The intermediate layer 208 is then etched with respect to the mask 212 (step 120). In this example, the intermediate layer 208 is polysilicon. FIG. 2C is a cross-sectional view of the stack 200 after the intermediate layer 208 is selectively etched with respect to the mask 212. In this example, the features 216 have been etched deeper and the targeted deposition has been etched away.

In this example, the targeted deposition (step 108) and the intermediate layer etch (step 120) are repeated (step 124) at least one more cycle. The targeted deposition (step 108) deposits another targeted deposition. FIG. 2D is a cross-sectional view of the stack 200 after a plurality of cycles of the targeted deposition (step 108) deposits another targeted deposition with another thinner upper region 232, another thicker middle region 236, and another thinner bottom region 240.

The process is continued and the cycles are repeated until the features 216 are completed. FIG. 2E is a cross-sectional view of the stack 200 after the etching of the features 216 is completed. Additional processes may be provided. For example, the mask 212 may be removed. Then, the stack 200 is removed from the plasma chamber (step 128).

The targeted deposition provides a nonconformal deposition, where thicknesses at various locations of the etch feature may be selectively tailored. Various embodiments provide different controls for determining where the thicker regions and thinner regions of the targeted deposition are located. Process parameters may be used as controls, such as gas flow rates, pressure, side tuning gases, process times, temperature, and electrical bias. Various embodiments allow for the etching of high aspect ratio features. In the specification and claims, high aspect ratio features are defined as having a height to width aspect ratio of at least 100 to 1. More specifically, the high aspect ratio features have an aspect ratio of at least 200 to 1. Various embodiments may provide high aspect ratio features that are channels or holes. In some embodiments, the thickest part of the targeted deposition would be deposited over the weakest areas of features, such as joint areas for a punch process. Various embodiments may be used for punch processes, shallow trench isolation, and carbon mask opening. In other embodiments, the targeted deposition may be used in the formation of lower aspect ratio features.

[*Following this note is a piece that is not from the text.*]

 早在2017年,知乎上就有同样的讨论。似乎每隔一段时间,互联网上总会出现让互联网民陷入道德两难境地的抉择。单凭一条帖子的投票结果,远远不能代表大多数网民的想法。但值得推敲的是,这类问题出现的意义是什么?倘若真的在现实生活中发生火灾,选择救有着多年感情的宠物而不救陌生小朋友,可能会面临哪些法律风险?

By combining a dry etch chemistry with an ALD chemistry in a single step, the targeted deposition is provided. In various embodiments, the modification gas comprises a halogen containing gas. More specifically, the modification gas comprises fluorocarbons. In various embodiments, the modification gas comprises one or more of C₄F₈, hexafluorobutadiene (C₄F₆), chlorine (Cl₂), hydrogen bromide (HBr), carbon tetrafluoride (CF₄), fluoromethane (CH₃F), or sulfur hexafluoride (SF₆). In other embodiments, a metal oxide may be used for the targeted deposition. In such embodiments, a metal containing precursor forms a metal containing layer, such as a metal containing precursor monolayer. A curing gas and a modification gas are provided and formed into a plasma to provide a targeted metal oxide deposition. In other embodiments, silicon nitride or a metal nitride may be used for the targeted deposition. In other embodiments, silicon oxynitride or metal oxynitride may be used for the targeted deposition. For forming the nitride or oxynitride the precursor layer is nitrogenated. Therefore, in various embodiments, the curing of the precursor layer at least one of oxidizes or nitrogenates portions of the precursor layer.

Without being bound by theory, it is believed that by adding an etchant during the targeted curing and by using tuning parameters, the modification gas may be used to selectively etch targeted areas of the layer of precursor to reduce the deposition at the targeted areas.

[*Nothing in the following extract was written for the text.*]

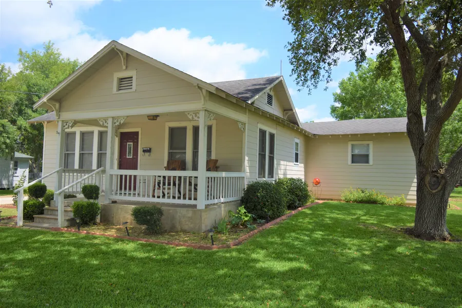 Great location on edge of town! Quiet dead-end street with no thru traffic. Perfect size home for couple. Separate 350+ SF guest quarters in back with kitchenette. Large covered concrete front porch. Extra wide driveway with covered concrete patio in back and an open wood deck along with two large storage closets for extra storage. Hardi-Plank exterior, central HVAC, built-in shelving and cabinets in den, French doors lead into dining room w/built-in china cabinet. Kitchen has plenty of counter space and a breakfast bar. Two good size full baths in main home. Yard has nice shade trees and the vacant corner lot next door is available! Please contact Bubela listing agent, Keith Koenig, at 512-423-0348 to schedule a showing of this home. Please allow 24 hr notice as this home is occupied.

In various embodiments, the targeted curing of the monolayer may be done by applying RF power to the plasma chamber along with a curing gas and modification gas to perform a plasma flash process (or oxygen (O₂) plasma cure), the plasma flash process being performed for a period of time that is between about 0.2 second and about 4 seconds, and the RF power is applied at a power level that is between about 200 watts and about 3,000 watts. The O₂ plasma cure converts the Si-containing precursor into SiO₂.

In other embodiments, the targeted deposition may deposit thicker deposition on the sidewalls at the bottom of the features 216. In other embodiments, the targeted deposition has minimal deposition on horizontal surfaces. Various embodiments may provide a targeted deposition that does not deposit on the bottoms of the features 216. Various embodiments may provide targeted depositions that do not deposit at the tops of the features 216.

The above embodiments are performed in-situ in the same chamber, without moving the chuck or removing the stack from the chuck. Such embodiments provide faster and less expensive throughput. In addition, thinner layers may be applied for each cycle, since the in-situ process allows for a greater number of cycles. A greater number of cycles allows for improved feature shape.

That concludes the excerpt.